By Jonathan Bues
Our editors’ third and final day at Geneva’s premier watch show brought them into contact with several of SIHH’s most technically sophisticated watches.
Highlights of day three included a grand reveal from Greubel Forsey, which this year presented its first ever chiming watch. Best known for their complex tourbillon watch escapements, this is Greubel Forsey’s interpretation of watchmaking’s most difficult-to-make mechanism, the Grand Sonnerie. The Grand Sonnerie is a feature that chimes the time at the beginning of each hour, as well as each consecutive quarter-hour. In addition to providing this aural information, the Greubel Forsey Grand Sonnerie is also a minute repeater. This means that it will chime the complete time, right down to the minute, when its owner presses a small button integrated into the watch’s crown. Ever the perfectionist, company co founder Stephen Forsey has been wearing a prototype version of this watch surreptitiously in the field for more than two years, only now deciding it was ready to go to market. While presenting the new timepiece, one of Forsey’s colleagues told us that the watchmaker left the feature enabled during a long flight, telling his neighboring passengers that the sound they were hearing was emanating from his cell phone, lest his secret get out.
A. Lange & Sohne
Routinely one of the most exceptional exhibitors at SIHH, A. Lange & Sohne has a reputation as a watchmaker that appeals to the collecting cognoscenti.

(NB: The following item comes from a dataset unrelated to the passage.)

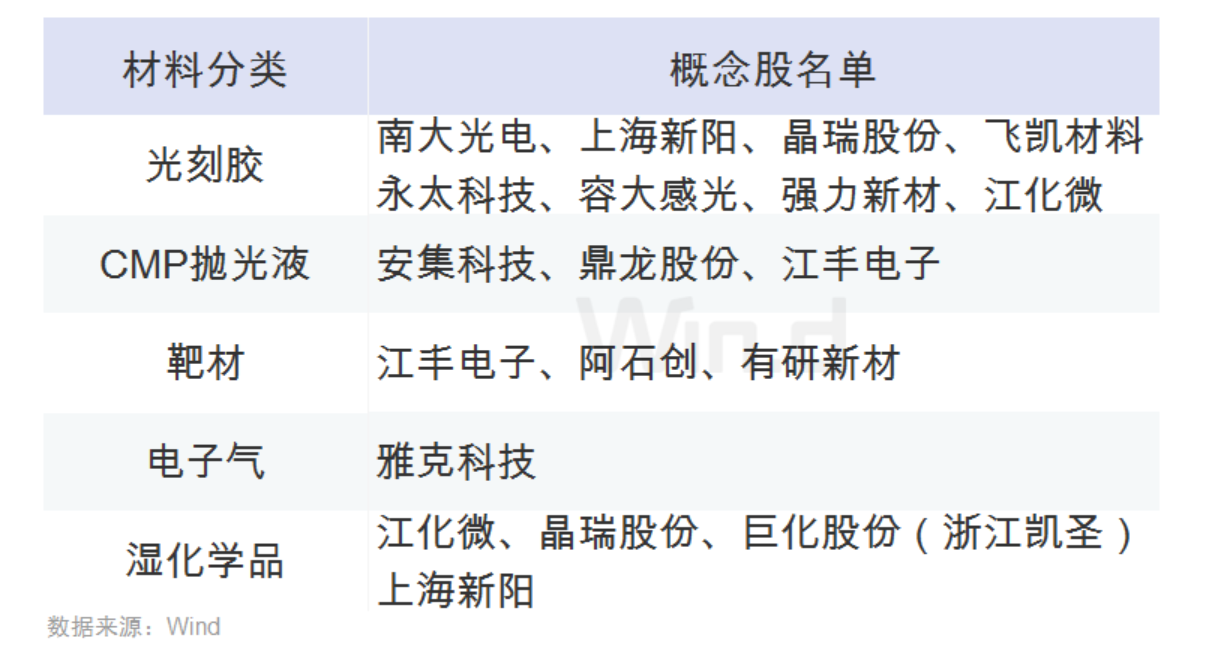 半導體材料相關A股:

Lesser known among non watch collectors, Lange, as the brand is affectionately known by its patrons, is not even Swiss, but German, hailing from the small village of Glashutte, which some refer to as “Little Switzerland.”

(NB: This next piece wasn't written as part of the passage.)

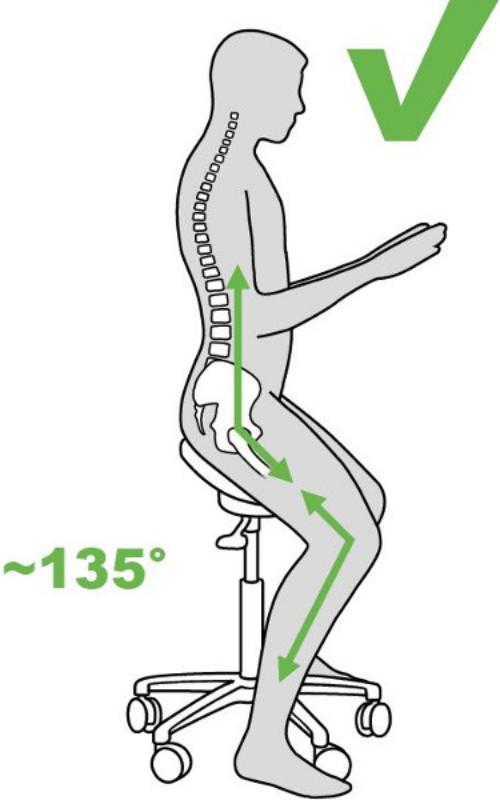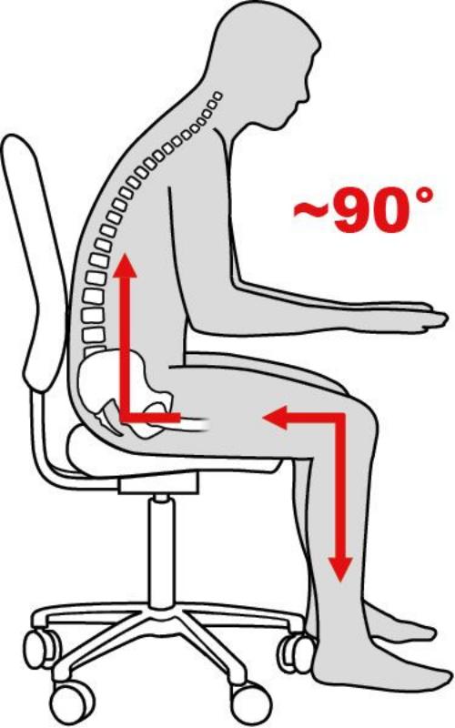 Chybné držanie tela stresuje všetky tkanivá v našom tele, pretože svaly, kosti a väzy pracujú sústavne mimo svojej komfortnej zóny. Toto je dôvod bolesti, ku ktorej dochádza počas pracovného dňa. Ako už bolo spomenuté, základom nášho správneho sedenia je poloha panvy. Udržiavanie správnej polohy panvy pri udržaní nôh vpredu si vyžaduje viac sily z ohýbačov bedier, ako sú schopné produkovať. Ďalej kostná štruktúra bedrových kĺbov túto pozíciu znemožňuje. Výsledkom je, že sedenie s nohami vpredu zabraňuje správnej polohe panvy, čo spôsobuje hrbenie sa.

This year, Lange presented an Annual Calendar watch in its 1815 range of dress watches. The annual calendar mechanism tracks the date through a complex series of gears that is programmed to understand that some months last for 30 days and others for 31. In practical terms, this means that the watch’s owner need only reset the date once per year, at the end of February. In addition to displaying the month and the date, the 1815 Annual Calendar also shows the day of the week and the moon phase via a meticulously hand-finished mechanical movement that makes this watch, available in white and pink gold versions, every bit as beautiful inside as out.

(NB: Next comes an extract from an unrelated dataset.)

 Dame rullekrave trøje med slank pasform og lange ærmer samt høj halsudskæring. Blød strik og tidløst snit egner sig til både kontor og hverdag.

With its Innovision 2, Ulysse Nardin presents the latest developments from its industry-leading R&D department, which pioneered the use of silicon in watchmaking in 2001 with its provocatively named Freak. The Innovision 2 boasts a number of technical improvements over previous Ulysse Nardin watches in its escapement alone. These include a silicon constant force escapement which ensures that the watch runs just as accurately when it’s fully wound as when it’s nearing the end of its power reserve. The Innovision 2’s oddly shaped balance wheel features a number of paddle-like extensions that radiate from its center. These, the company says, are shaped in order to create positive air friction, which reduces turbulence and discrepancies in the watch’s precision.